# Same job, same skills, different job title/pay



## Anju (May 24, 2012)

Hi

My friend works nights at the weekend, and several days during the week, and is having some issues with a new contract. I am his manager as well as friend and am trying to sort things out for him but am being constantly put off or given information that I do not trust. I have done as much reading as possible but there always seem to be a lot of ifs and buts in employment law. As we both work nights it is difficult to sort things out and we are both fairly easy going trusting people.

Today when I emailed my line manager today to ask for confirmation of whether the dayshift weekend person was a full or assistant supervisor he replied asking if we were talking about (nightshift person) or (dayshift person). I replied that we were in effect talking about both as they both had same role. 

He has waited a year to be given an actual written contract but has been working in the meantime as an 'assistant supervisor', there is no supervisor on his shift only a manager (me) and another 'assistant supervisor'. He is fine with this during the week but at weekends he is in sole charge of things. It appears that the person who does the dayshift has the job title of supervisor, and therefore better pay. They have pretty much identical skillsets. He is from Pakistan and I'm not sure which country she is from but she is Eastern European (White).

We have had no HR person for well over a year, the MD has been dealing with HR issues! When my friend emailed the recently appointed HR person on my advice my line manager intervened and said that he would speak to him as the HR person had not been around long enough to know what was going on.

I know they are acting illegally and want to help my friend but need to protect myself, as our MD is not the most stable person in the world.

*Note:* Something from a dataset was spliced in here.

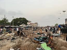 L’épopée marché Missebo est arrivée à son expire. Plus de boutiques ni de hangars, il ne restait que des débris de bois, des tôles rouillés, et des briques cassés. L’ambiance était poussiéreuse et irrespirable. L’opération a attiré commerçants, acheteurs, riverains, chef quartier. Ils observaient la situation avec impuissance sous la supervision des forces de l’ordre, certains vendeurs ce sont même assis sur les restes de leurs anciens points de vente rasés.

Any advice would be most appreciated as i'm getting to a point where the arguments with my bosses are putting me in a position where I'm close to walking out, which I can't afford to do.


Anju


----------



## Termite Man (May 24, 2012)

Anju said:


> He is from Pakistan and I'm not sure which country she is from but she is Eastern European (White).
> 
> Anju


 

Do you think the difference is down to racism then because thats how this makes it come across?


----------



## Anju (May 24, 2012)

It could be. There is also an issue with another friend who works with us. She is from Japan and has a contract as an hourly paid supervisor and her contract has come with a letter saying that she had been offered the option of a salaried role and she has waived her right to that voluntarily. This was never really discussed with her and the 2 white guys that both have the same job as her, though I suspect may have been given slightly different job titles, have both been given salaried positions. 

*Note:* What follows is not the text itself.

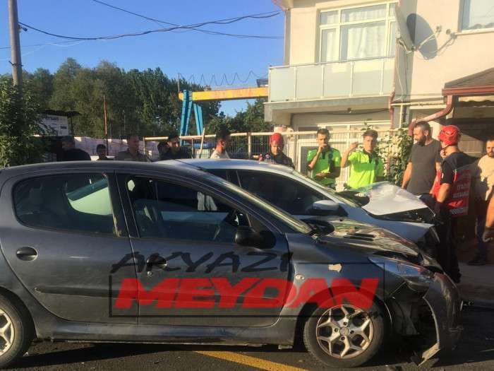 Akyazı'nın Fatih Mahallesi Ada Caddesi üzerinde meydana gelen kazada iki otomobilin çarpışması sonucu 2 kişi yaralandı. M.B.'nin kullandığı 14 LD *** plakalı otomobil ile S.U.'nun idaresindeki 34 UL **** plakalı otomobil sanayi girişinde çarpıştı.

I advised her not to sign the contract until she has taken some advice, and to ask about their pay rates if she feels she is being discriminated against.


----------



## 8115 (May 24, 2012)

ACAS?  I've never called them myself but I have heard good things.


----------



## Anju (May 24, 2012)

I might have to contact them. Trouble is that the people concerned worry about losing their jobs and as it seems like I am the only manager that sees what is happening as a problem and so I have no support. I had arranged for the HR person to stay late tonight but he has not confirmed yet and I suspect he is being dissuaded from getting involved.


----------



## 8115 (May 24, 2012)

Sounds very plausible.  All of it.  Good luck.   Just, pick your battles, you know?  Bad hours, lots of employees from other countries?  Some employers take this as a red rag to get away with anything they can.

However, I can see an argument for a night "supervisor" and a day "supervisor" sometimes being different roles.  Doesn't mean their employment practices aren't dodgy though.


----------



## Anju (May 24, 2012)

Thanks,

The only difference might be the customer service aspect but my friend probably has better communication skills than the dayshift supervisor.

Also I should add that there is no formal system for testing/measuring peoples skills or monitoring performance.

Off to walk the dog then to work so will not be able to reply to any posts for a while. Thanks for any help or information in advance.

Anju


----------



## Puddy_Tat (May 24, 2012)

From my perspective (and I'm not a lawyer or HR specialist, and it's a while since I was a union rep)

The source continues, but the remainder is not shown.